Téléphérique : Projet non-prioritaire pour le gouvernement
Les grandes orientations du pays se concentrent sur les routes et l’énergie, tout au long de cette période de refondation.
Des défis liés à l’électricité
Le projet de téléphérique ne figure pas parmi les priorités du gouvernement à ce stade. Les autorités évoquent plusieurs problèmes techniques et financiers à résoudre avant le lancement du projet, surtout pour l’électricité nécessaire à son fonctionnement.
Lors d’une émission spéciale diffusée sur TVM le 31 mai 2026, le président de la Refondation, le colonel Randrianirina Michaël, a présenté les grandes orientations du pays. Ce dernier a souligné qu’il faut se concentrer sur des projets plus urgents pour aider au développement de Madagascar. Il a mis en avant la Route nationale n°2 (RN2), axe stratégique reliant Antananarivo au port de Toamasina. Cette ville joue un rôle central dans l’économie nationale, entraînant un trafic routier très dense chaque jour. Depuis l’arrêt du transport ferroviaire, la RN2 supporte une pression encore plus forte, dépassant largement ses capacités actuelles.
Changement des mentalités
Face à cette situation, les autorités poursuivent un projet de modernisation de la route. Le colonel Randrianirina Michaël précise qu’il ne s’agit pas d’une autoroute au sens strict, mais plutôt d’une « voie rapide ». Les travaux déjà engagés se poursuivent afin de fluidifier la circulation et faciliter l’acheminement des marchandises vers la capitale. Sur le plan énergétique, le projet hydroélectrique de Volobe continue de faire l’objet de discussions. Le principal blocage concerne le tarif de l’électricité produite, un point clé qui ralentit l’avancement du dossier.

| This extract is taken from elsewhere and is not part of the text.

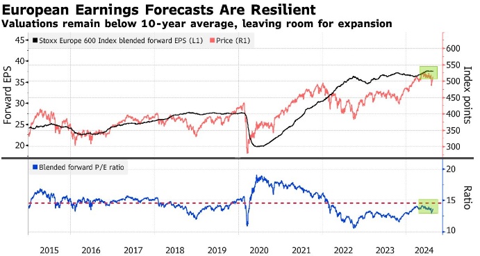 欧洲公司第二季度的收益季好于预期,MSCI欧洲公司的利润增长2.3%。根据数据,这是自2023年初以来的首次同比增长。然而,这种势头并没有传导到股价上,由于对经济的担忧挥之不去,自今年7月中旬以来,该指数仍下跌了约2%。分析师们一直不愿下调业绩预期,这让估值受到了抑制。即使在最近的反弹之后,欧洲斯托克600指数的远期市盈率仍低于10年平均水平。

Au-delà des infrastructures, le président de la Refondation insiste sur un enjeu plus large. Il s’agit du changement des mentalités. Le PRRM estime que lutter contre la corruption et les conflits est essentiel pour réussir les réformes et développer le pays. Il appelle également à l’organisation d’une conférence nationale afin de favoriser le dialogue et définir les bases d’un nouveau système. Enfin, il rappelle que des efforts se poursuivent depuis sept mois pour rompre avec les anciennes pratiques et proposer des solutions concrètes aux besoins de la population.